Development of an effective vaccine or topical compound to prevent HIV transmission remains a major goal for control of the AIDS pandemic. Using a nonhuman primate model of heterosexual HIV-1 transmission, we tested whether a topical microbicide that reduces viral infectivity can potentiate the efficacy of a T-cell-based HIV vaccine.

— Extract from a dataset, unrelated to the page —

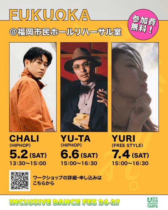2027年1月30日・31日に渋谷で開催される「INCLUSIVE DANCE FES 26-27」の一環として、全国5大都市で行われる無料ワークショップの全講師、全日程のラインナップが発表となりました。

A DNA prime and rAd5 virus boost vaccination strategy was employed, and a topical microbicide against the HIV nucleocapsid protein was used. To rigorously test the combination hypothesis, the vaccine constructs contained only two transgenes and the topical microbicide inhibitor was used at a sub-optimal dose. Vaccinees were exposed in the absence and presence of the topical microbicide to repeated vaginal R5 SHIVSF162P3 challenge at an escalating dose to more closely mimic high-risk exposure of women to HIV.
Infection status was determined by PCR. Antiviral immune responses were evaluated by gp120 ELISA and intracellular cytokine staining.
A significant delay in SHIV acquisition (Log-rank test; p=0.0416) was seen only in vaccinated macaques that were repeatedly challenged in the presence of the topical microbicide. Peak acute viremia was lower (Mann-Whitney test; p=0.0387) and viral burden was also reduced (Mann-Whitney test; p=0.0252) in the combination-treated animals.
The combined use of a topical microbicide to lower the initial viral seeding/spread and a T-cell-based vaccine to immunologically contain the early virological events of mucosal transmission holds promise as a preventive approach to control the spread of the AIDS epidemic.